MURCIA / Pacho Flores, trompetista absoluto

MURCIA / Pacho Flores, trompetista absoluto

Murcia. Auditorio Víctor Villegas. 17-XII-2020. Orquesta Sinfónica de la Región de Murcia (ÖSRM). Pacho Flores, trompeta. Director: Manuel Hernández-Silva. Obras de Jean Sibelius y Roberto Sierra.

Tres atractivos se daban en el último concierto sinfónico de la ÖSRM en este pandémico 2020 que superaron las expectativas puestas en ellos: un nuevo encuentro del maestro Hernández-Silva con la orquesta murciana, la presencia de uno de los solistas más relevantes del panorama internacional como es el trompetista venezolano Francisco “Pacho” Flores y el estreno en España del Concierto para trompeta “Salseando” de Roberto Sierra, que, desde Nueva York, pudo estar presenta en el evento por medio de Internet.

En atención a solista y compositor, se llevó la obra concertante a la segunda parte del programa, que era la que causaba más curiosidad en ser escuchada. Desde un dominio natural del lenguaje musical empleado por el compositor puertorriqueño, Pacho Flores se adentró en la partitura a través de la elaborada Cadenza que ocupa el primer movimiento, de carácter libre en su inicio antes de anunciar los ritmos caribeños que le suceden en los que solista y sección de metal se contrastan casi de igual a igual, implementados por una viva percusión que se apoderaba de la atención del oyente, antes de entrar en un solo que viene a preparar el brillante final de este tiempo.
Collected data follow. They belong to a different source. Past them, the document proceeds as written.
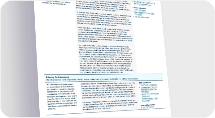 Reporting and Self- Assessment Requirements High-Level Summary of Bank’s Response References 3.2 Describe how your bank has worked with and/or is planning to work with its clients and customers to encourage sustainable practices and enable sustainable economic activities. This should include information on actions planned/implemented, products and services developed, and, where possible, the impacts achieved. Through our $1 trillion commitment to sustainable finance, we will finance and facilitate a wide array of climate solutions, such as renewable energy, clean technology, water conservation and sustainable transportation as well as activities in social finance, which include investments in education, affordable housing and basic infrastructure, healthcare, economic inclusion and food security. Reaching the goal will require the development of innovative financing solutions, increasing engagement and helping clients across all sectors, no matter where they are in their own sustainability journeys, to enable more sustainable business models and practices. For more information, please see the Sustainable Finance section in this report. To facilitate these transitions, we have established dedicated teams embedded across our businesses to offer strategic sustainability and ESG services and solutions. Our business groups, including Banking, Capital Markets and Advisory; Global Markets; Global Wealth Management; and Treasury and Trade Solutions, all have dedicated bankers or teams focused on advising clients and offering customized ESG-themed products and services. Under our net zero commitment, we will engage clients in carbon-intensive sectors that have low-carbon transition opportunities. We have formed specialized business units to work closely with clients to support their business plans as they transition to net zero including the Natural Resources & Clean Energy Transition team; the Sustainability & Corporate Transitions team; and the Sustainable Debt Capital Markets team. For more information, please see our 2021 TCFD Report. Our ESRM Policy helps us finance projects and activities responsibly by engaging our clients on environmental and social risks and good practices. Ongoing engagement with our clients is an important part of our ESRM process. When we first established our ESRM Policy, our engagements were tied to specific, project-related financial transactions and their associated environmental and social risks and mitigation efforts. However, as we have developed Sector Approaches and Areas of High Caution over the years, we have added corporate-level reviews and client engagements in a number of sectors. These sector-specific risk review processes encourage dialogue between Citi and our clients about the material environmental and social risks associated with their operations, enabling us to develop a better understanding of prevailing industry practices and our clients’ performance and guide our clients toward better sustainability practices. 2021 ESG Report: • Sustainable Finance • Climate Risk and Net Zero • Risk Management > Environmental and Social Risk Management External References: • 2021 TCFD Report • Environmental and Social Policy Framework • Net Zero Commitment Principle 4: Stakeholders We will proactively and responsibly consult, engage and partner with relevant stakeholders to achieve society’s goals. 4.1 Describe which stakeholders (or groups/types of stakeholders) your bank has consulted, engaged, collaborated or partnered with for the purpose of implementing these Principles and improving your bank’s impacts. This should include a high- level overview of how your bank has identified relevant stakeholders and what issues were addressed/results achieved. Citi believes that we are best able to drive business value when we serve the interests of a wide array of stakeholders, including our shareholders. We made a deliberate effort to continue stakeholder engagement in a pandemic environment. To fulfill this approach, we regularly review our stakeholder partnerships across a range of functions, including Global Public Affairs, Investor Relations, Human Resources and Corporate Governance, as well as Sustainability & ESG, Government Affairs and other teams in Public Affairs. A summary of the groups we have engaged with, the topics addressed, and results achieved is provided in Stakeholder Engagement section of this report. We also highlight our climate-related engagement with clients and trade associations in our 2021 TCFD Report. 2021 ESG Report: • Stakeholder Engagement • Climate Risk and Net Zero > Participation in Net Zero Frameworks • Climate Risk and Net Zero > Engagement • Risk Management > Client Engagement External References: • 2021 TCFD Report Contents ESGatCiti SustainableFinance SustainableProgress Equitable&ResilientCommunities Talent&DEI RiskManagement&ResponsibleBusiness Appendices ESGS ataC ius niblnG 163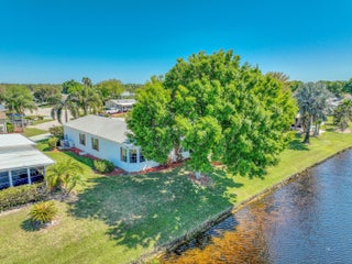 Waterfront! This former model home has 2 bedrooms, den, a custom kitchen with crown molding, island, granite counters and an interior laundry room with slop sink. The sunroom, overlooking the water view, has been updated with new flooring. You will enjoy the blend of comfort & leisure. And, in this 55+vibrant community, residents enjoy a wealth of amenities, including cafe, theatre, golf, tennis, pickle ball, swimming and clubs that cater to diverse interests. There's truly something for everyone in Savanna Club with its 3 clubhouses, pools, fitness centers and so many activities. Located on a cul-de-sac, wider driveway, hurricane panels, new roof 2018, HVAC 2024. Land Lease.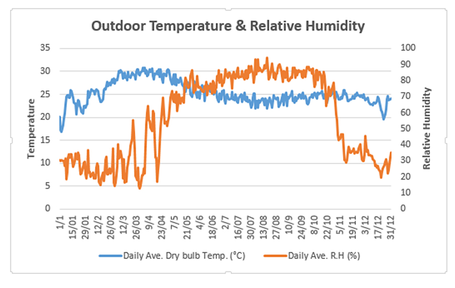 Climate Analysis of Kano, NigeriaClimate consultant software is used to analyse the climate of Kano, Nigeria using historical weather data of 2007–2021 derived from climate.onebuilding.org. As shown in Figure 4, the temperature is as low as 13.7 ℃ in January and as high as 38.7 ℃ in April and low humidity in the months of January–May and October to December. The figure also shows a high diurnal temperature variation of 15.7 ℃ in the dry season (January) and a low diurnal temperature variation of 5 ℃ in the rainy season (August). Although the average dry-bulb temperature in all the months has exceeded the comfort zone limits of 23–26 ℃, the rainy season months are close to the comfort zone limits. Additionally, the outdoor relative humidity is high (exceeding the comfort limit of 30%–70%) during the rainy season in the months of June, July, August and September. This could lead to condensation or highly humid indoor space if the building envelope is not well insulated or does not have a moisture barrier and/or if there is moisture infiltration through building openings.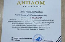 1 место заняла семья Акхяметдиновых в районном онлайн-конкурсе видеороликов по предупреждению детского дорожно-транспортного травматизма "Ребенок - главный пассажир" среди педагогов и родителей воспитанников ДОО Приволжского района г. Казани. Примите наши искренние поздравления!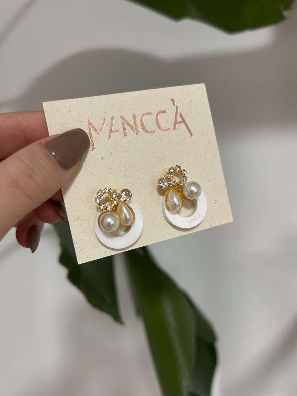 MINI Uhani round – uhani na beli podlagi z dodatkom dveh večjih zlatih kristalov in perl za vsak dan ali posebno priložnost. Enostaven design in odbit look. Poživite svoj look.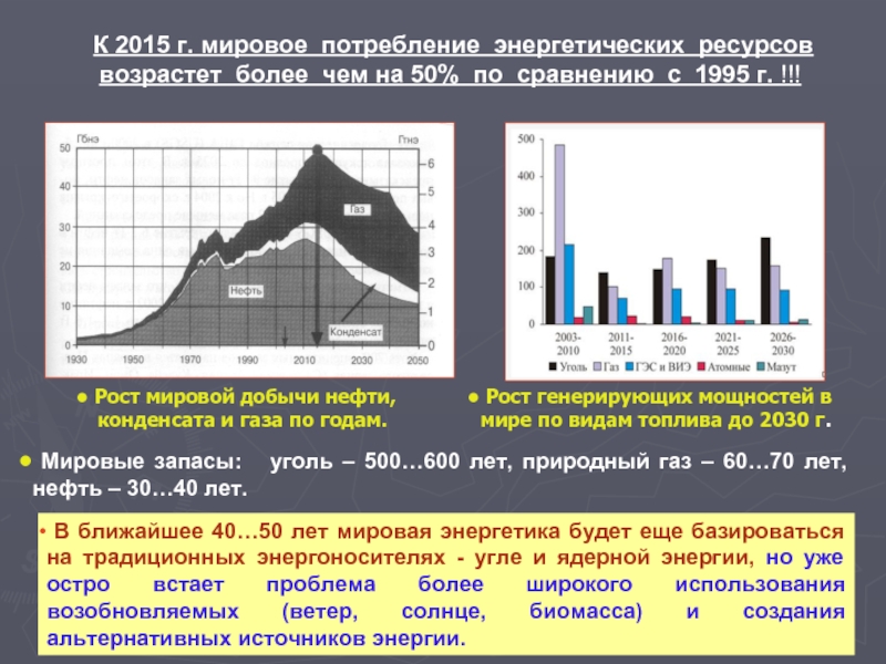 Слайд 9 К 2015 г. мировое потребление энергетических ресурсов возрастет более чем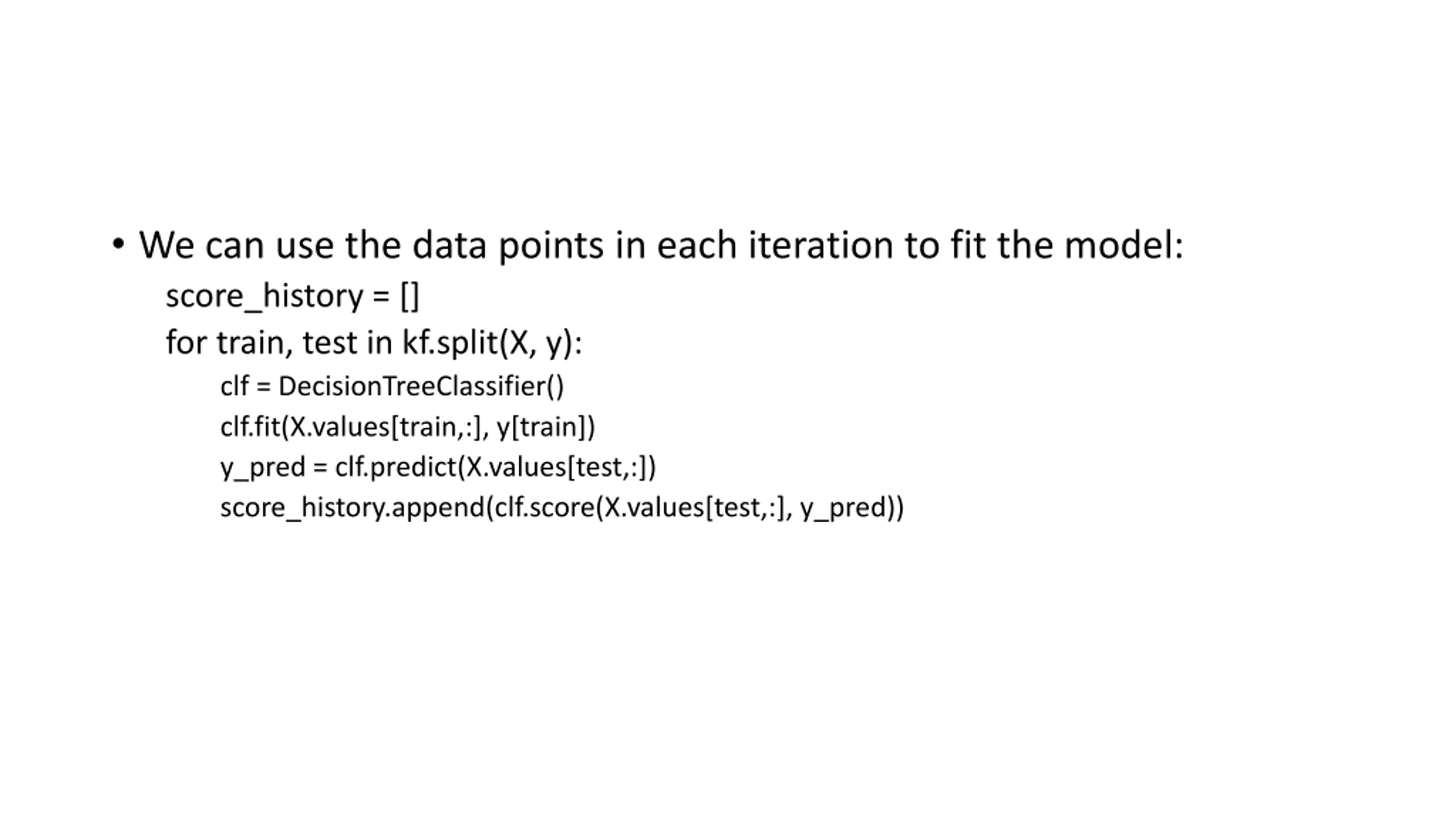 We can use the data points in each iteration to fit the model: score_history = [] for train, test in kf.split(X, y): clf = DecisionTreeClassifier() clf.fit(X.values[train,:], y[train]) y_pred = clf.predict(X.values[test,:]) score_history.append(clf.score(X.values[test,:], y_pred))

La enorme musicalidad de Pacho Flores se manifestó con el fiscorno en el Bolero central en perfecta coordinación con su compatriota, el director Manuel Hernández-Silva, antes de su cadenciosa parte intermedia perfectamente adornada por el solista, que proyectaba un sentimiento evocador de este original son cubano, que vino a ser contrastado por una destacada improvisación final, en este caso, utilizando la corneta antes de la conclusión con los sentidos registros graves, nuevamente, del fiscorno.

El concierto entró en su fase más determinante con su Veloz, tercer movimiento, que propició poder completar el uso del resto de instrumentos de los hasta cuatro que llegó a utilizar. Empezó con la trompeta, siguió con la pícolo en un breve pasaje, antes de volver a la trompeta, dando la sensación de que el solista seguía patrones del compositor aportando adornos propios que fluctuaban en un mantenido accelerando hacia uno de los momentos más sorprendentes de la obra cuando el maestro Hernández-Silva dejó la batuta por los bongos acompañando rítmicamente con la orquesta en silencio. Ésta volvía a sonar para un breve e intenso stretto caribeño final.

El público, entusiasmado, rompió en uno de los más intensos y prologados aplausos acaecidos últimamente en el auditorio murciano, lo que llevó a que Pacho Flores hiciera dos bises a cual más interesante: la jazzística versión de Daniel Freiberg del tango Revirado de Ástor Piazzolla, y A mis hermanos, una versión propia para fiscorno de un merengue venezolano del guitarrista Aquiles Báez que no hizo sino incrementar la admiración del auditorio por la gran capacidad de improvisador de este trompetista absoluto.

La velada estuvo muy acertadamente contrastada previamente con una modélica construcción de la Quinta sinfonía Jean Sibelius por Manuel Hernández-Silva. Hay que decir que caló en el complejo y a la vez diáfano pensamiento musical del gran compositor finés consiguiendo la sonoridad que éste pide con sentido, musicalidad y experiencia, todo ello favorecido por su conocimiento de las posibilidades la ÖSRM, orquesta a la que este director está muy vinculado desde hace años.